Senate Appropriations Committee approves ag spending bill.  The Senate Appropriations Committee voted in favor of a fiscal year 2022 spending bill for the USDA and FDA that includes about $7 billion in disaster relief and $700 million for rural broadband expansion.  The Committee approved $25.9 billion for the FY2022 ag spending bill, which is an increase of $2.46 billion from the current year.  In addition to disaster relief funds and rural broadband, the bill increases research funding to the USDA, increass funding for conservation and climate smart agricultural practices, and increases funding for rural development including infrastructure such as water and sewer systems and an increase in funding to transition rural America to renewable energy.  The ag spending bill is now set for debate and vote by the full Senate. 

Ohio to be the second site for AquaBounty’s genetically engineered salmon.  Land-based aquaculture company AquaBounty has selected Pioneer, Ohio as the location for its large-scale farm for AquaBounty’s genetically engineered salmon.  The new farm will be AquaBounty’s first large-scale commercial facility and expects to bring over 100 jobs to northwestern Ohio.  According to AquaBounty’s press release, the plan for the new farm is still contingent on approval of state and local economic incentives.  Ohio is still finalizing a package of economic incentives for the new location and AquaBounty hopes to begin construction on the new facility by the end of the year.  AquaBounty has modified a single part of the salmon’s DNA that causes them to grow faster in early development.  It raises its fish in what it calls “Recirculating Aquaculture Systems,” which are indoor facilities that are designed to prevent disease and protect wild fish populations.  According to AquaBounty, its production methods offer a reduced carbon footprint and no risk of pollution of marine ecosystems as compared to traditional salmon farming.  AquaBounty anticipates commercial production to begin in 2023. 

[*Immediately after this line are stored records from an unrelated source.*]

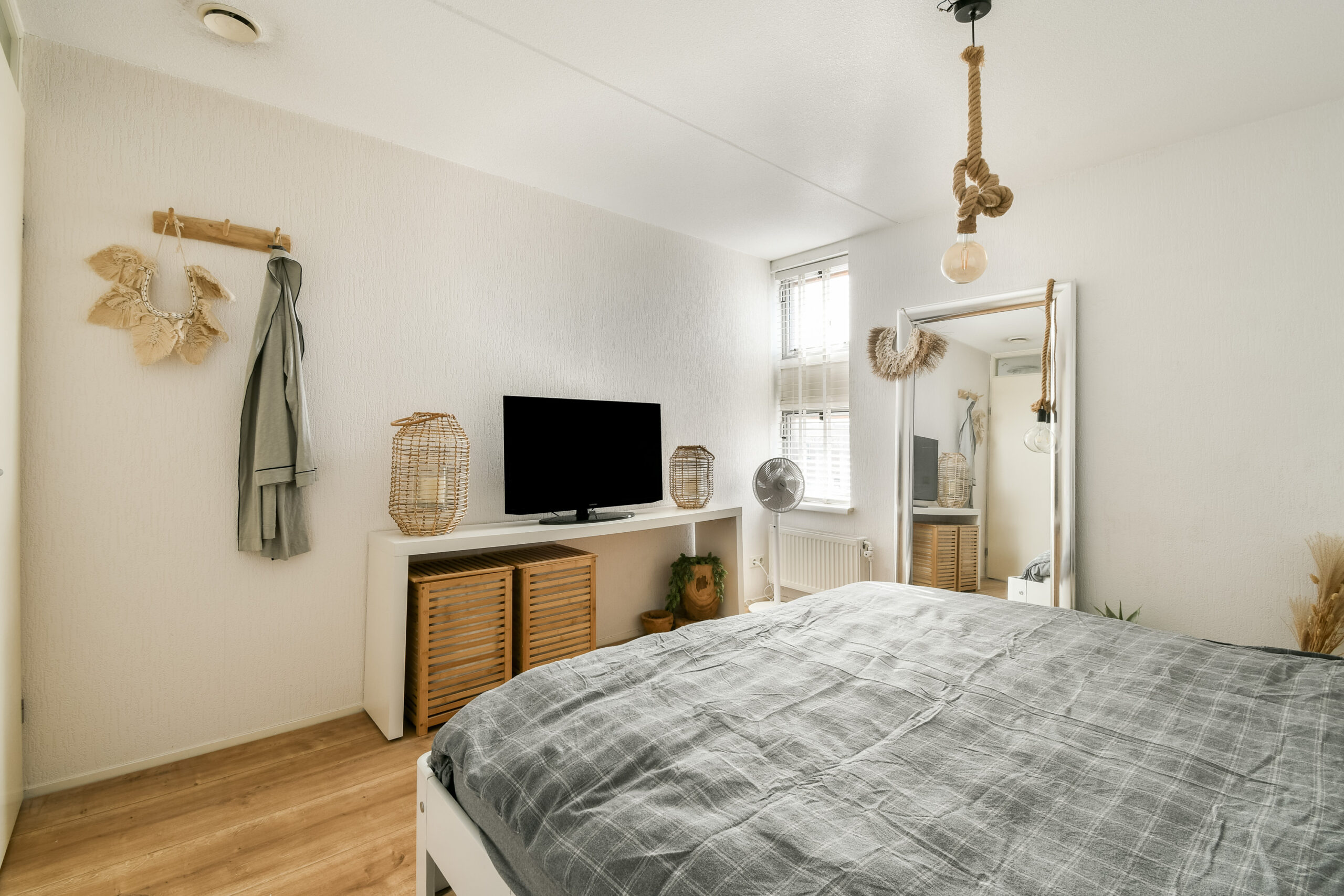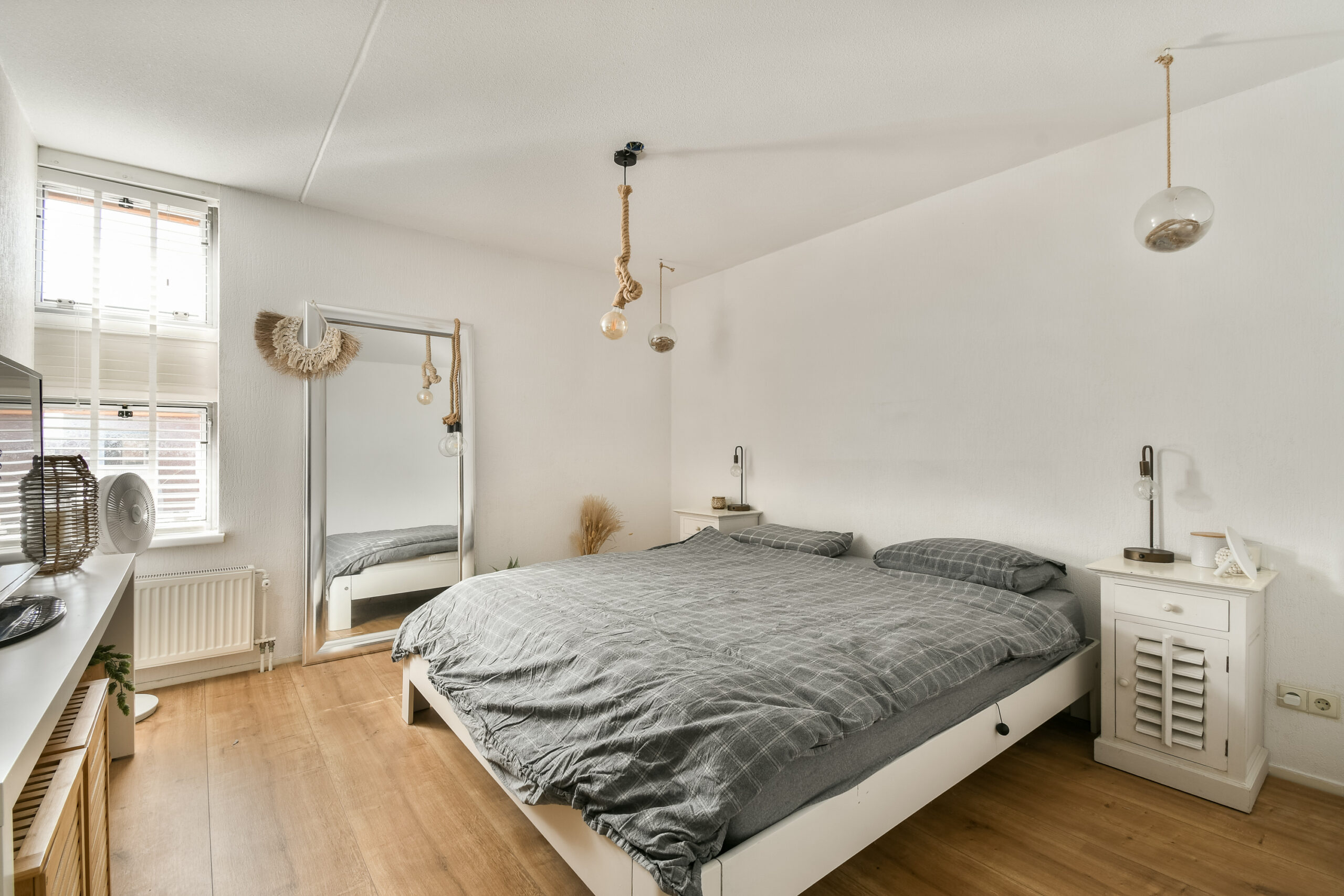 Via de trap naar beneden bereik je de tweede verdieping, waar zich drie ruime slaapkamers bevinden. Ook hier valt direct op hoeveel licht er binnenkomt door de vele raampartijen.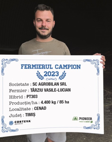 Primul fermier campion din județul Timiș este domnul Mihai Dan, societatea Transfime. Acesta își desfășoară activitatea în localitatea Fibiș, lucrează 800 ha și a obținut o producție de 5.300 kg/ha cu hibridul PT298/Agile. “Campania trecută am avut 260 ha cu rapiță, iar producția obținută cu hibridul PT298 pe o suprafață de 22 ha a fost de 5.300 kg/ha. Hibridul a fost semănat după orz, așa că am discuit de două ori pentru că a fost foarte mare secetă. Apoi am primit câteva ploi, am intervenit și am pregătit terenul, am fertilizat cu îngrășământ 15.40 – 200 kg/ha și am semănat la final de august. Am erbicidat preemergent, iar în stadiul de 8 frunze am administrat un fungicid și un îngrășământ pe bază de bor. Prima intervenție în primăvară a constat în fertilizare cu uree - 200 kg/ha, am mai administrat în jurul datei de 15 martie 100 kg/ha de uree, iar la începutul lunii aprilie am aplicat îngrășământ pe bază de azot și sulf – 180 kg/ha. În ceea ce privește tratamentele, am administrat mai întâi un fungicid simplu, apoi constant am intervenit cu insecticide, foliare și aminoacizi, cred că o dată la 10 zile am intervenit, probabil că au fost 5-6 treceri, ultima dată am mai administrat un fungicid și un insecticid. Cultura a fost în neirigat, iar recoltatul a avut loc la finalul lunii iunie, început de iulie și am fost mulțumit de producția obținută. În această toamnă deja am semănat rapița, hibridul PT298 pe o suprafață de 40 ha, iar PT315 pe 20 ha”, a declarat fermierul campion.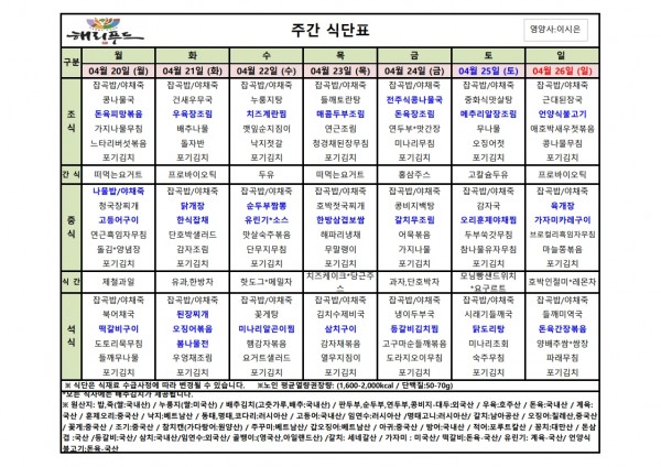 4월 셋째주 식단표 페이지 정보 작성자 은천노인복지회 작성일26-04-16 17:43 조회48회 댓글0건 관련링크 다음글 목록 답변 본문 4월 셋째주 어르신 식단표 안내해 드립니다. 정성과 영양을 담아 준비하겠습니다. 다음글 목록 답변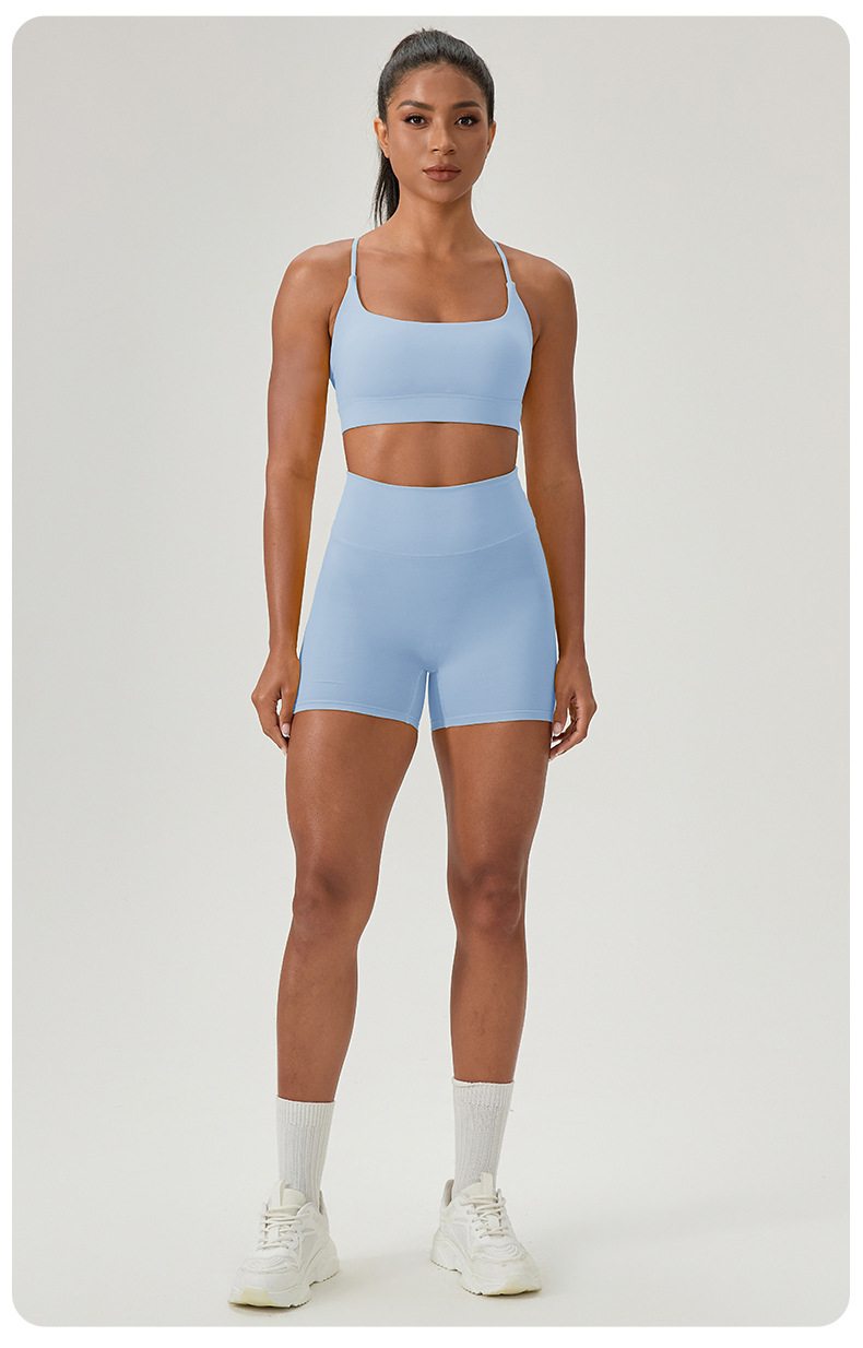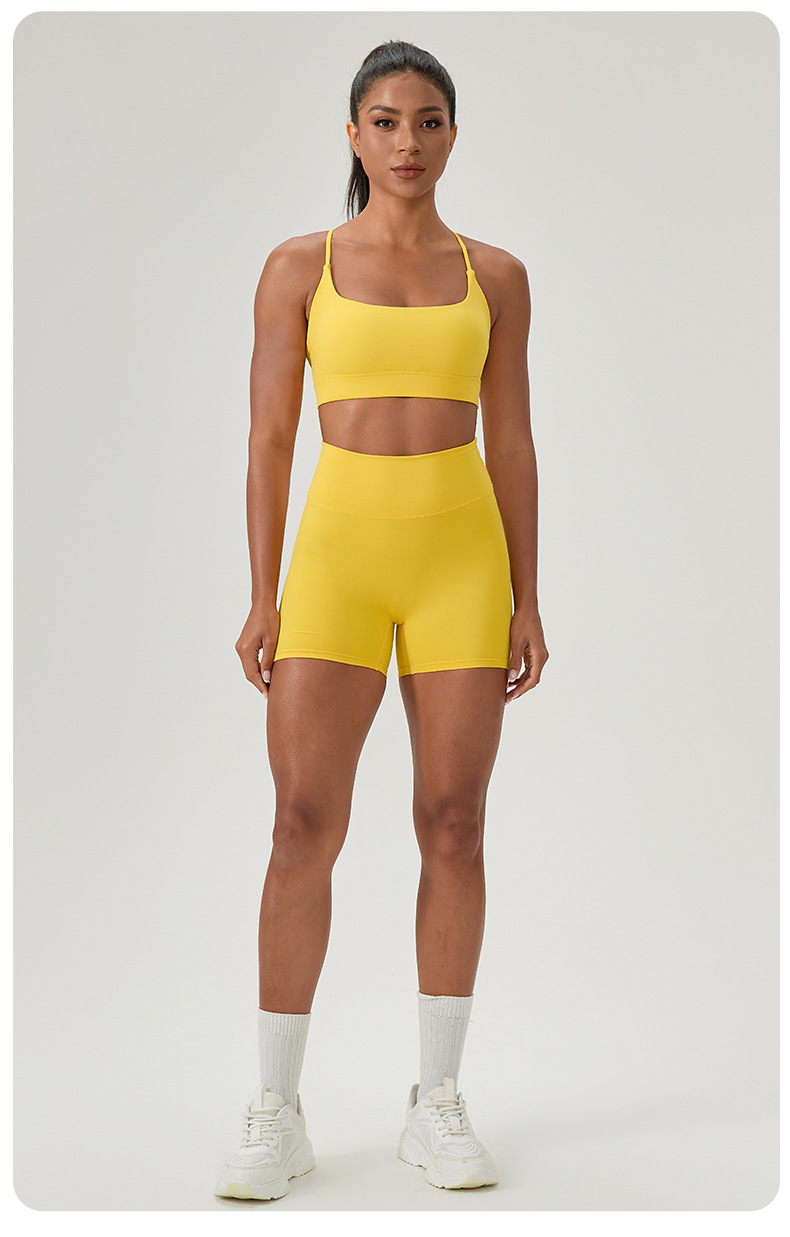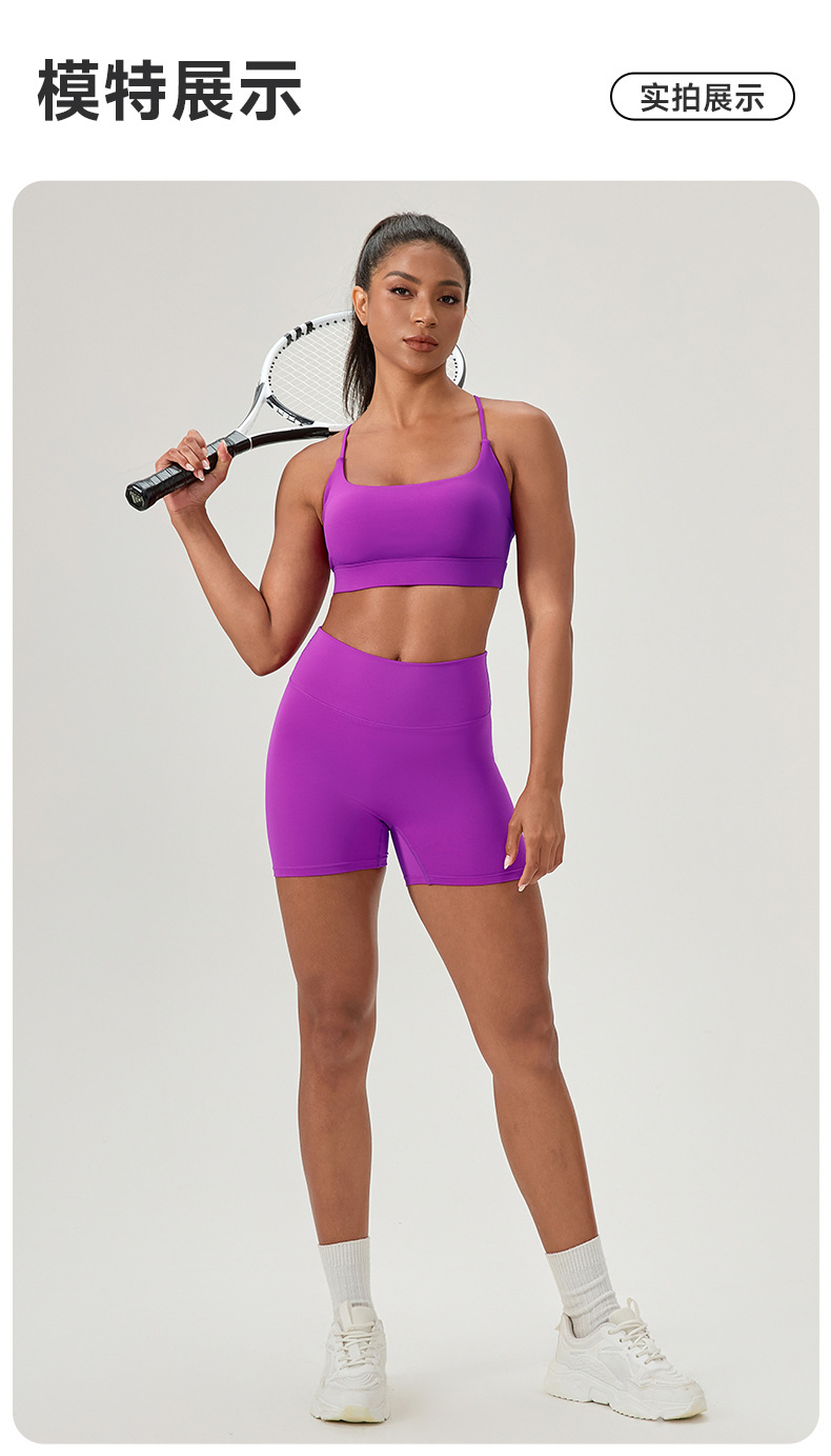 08/2024 Cross high waist yoga shorts tight nude peach hip sports shorts women's outdoor fitness pants 8843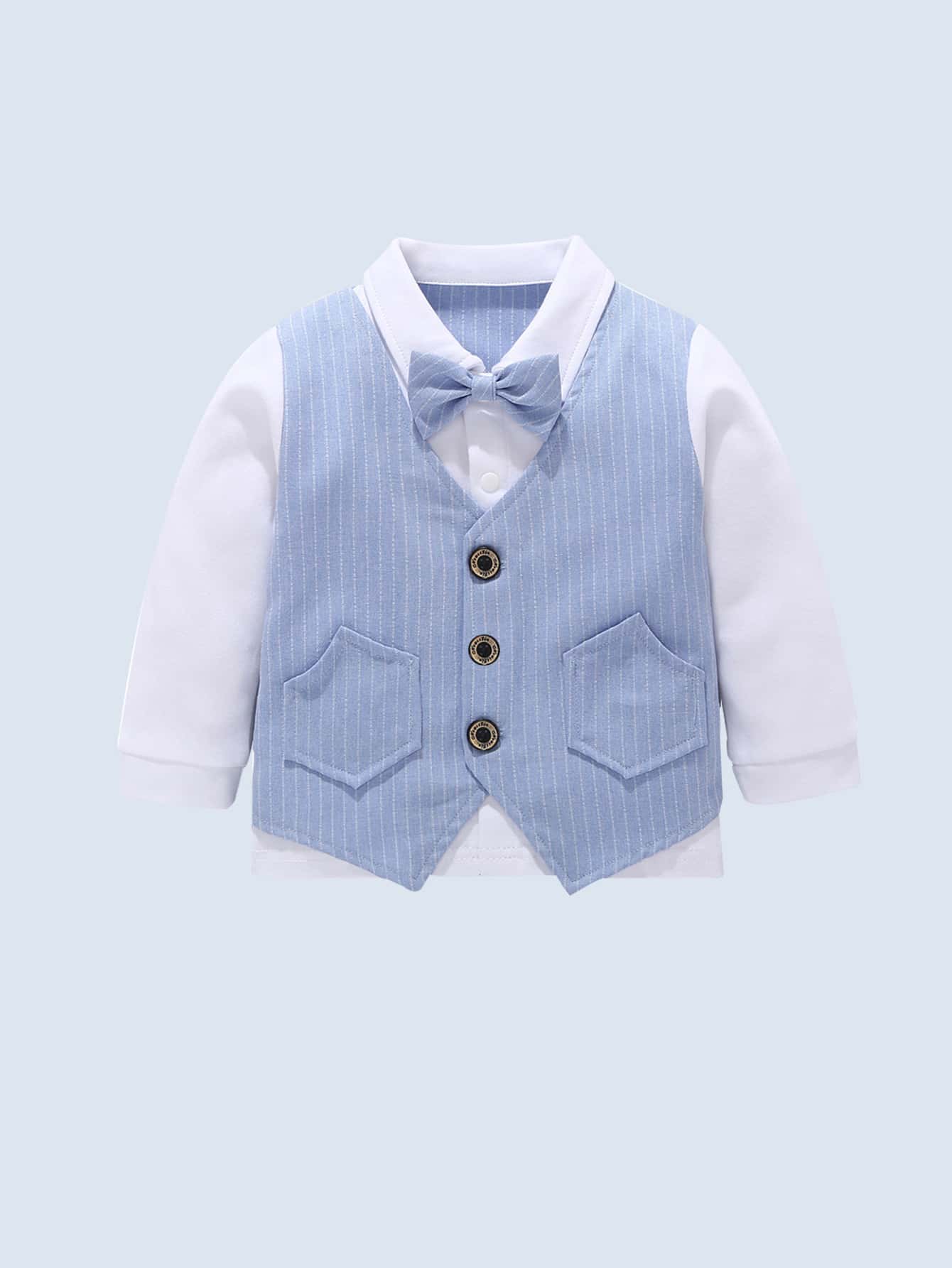 kids Baby Boy Striped Bow Front 2 In 1 Shirt & Pants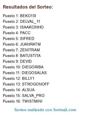Lista de participantes: SIFRED, ISAAKCINHO, ZENITRAM, DEVID, ALSUA, DIEGORIBA, DELVAL_11, BATUSTITA, PACC, STROGONOFF, SALVA_PRO, BILLY1, TWISTMINI, JUANRATM, BEKO10I, DIEGOSALAS.

DeWine orders adoption of emergency rules to speed up the deployment of broadband in Ohio. Governor Mike DeWine signed an executive order which will help speed up the launch of the Ohio Residential Broadband Expansion Grant Program (the “Program”) which was recently signed into law by Governor DeWine.  The Program is Ohio’s first-ever residential broadband expansion program which grants the Broadband Program Expansion Authority the power to review and award Program grant money for eligible projects.  The Program requires a weighted scoring system to evaluate and select applications for Program grants.  Applications must be prioritized for unserved areas and areas located within distressed areas as defined under the Urban and Rural Initiative Grant Program.  The Program hopes to provide high-speed internet to Ohio residences that do not currently have access to such services.  With DeWine’s executive order, the Program can start immediately rather than waiting until the lengthy administrative rule making process is complete.  Normally, rules by a state agency must go through a long, drawn out process to ensure the public has had its input on any proposed rules and those affected the most can challenge or argue to amend the rules.  However, the Governor does have the ability to suspend the normal rule making process when an emergency exists requiring the immediate adoption of rules.  According to Governor DeWine’s executive order, the COVID-19 pandemic, the increase in telework, remote learning, and telehealth services have created an emergency that allows DeWine to suspend the normal rule making process to allow the Program to be enacted without delay.  Although emergency rules are in place, they are only valid for 120 days.  New, permanent rules must be enacted through the normal rule making procedure.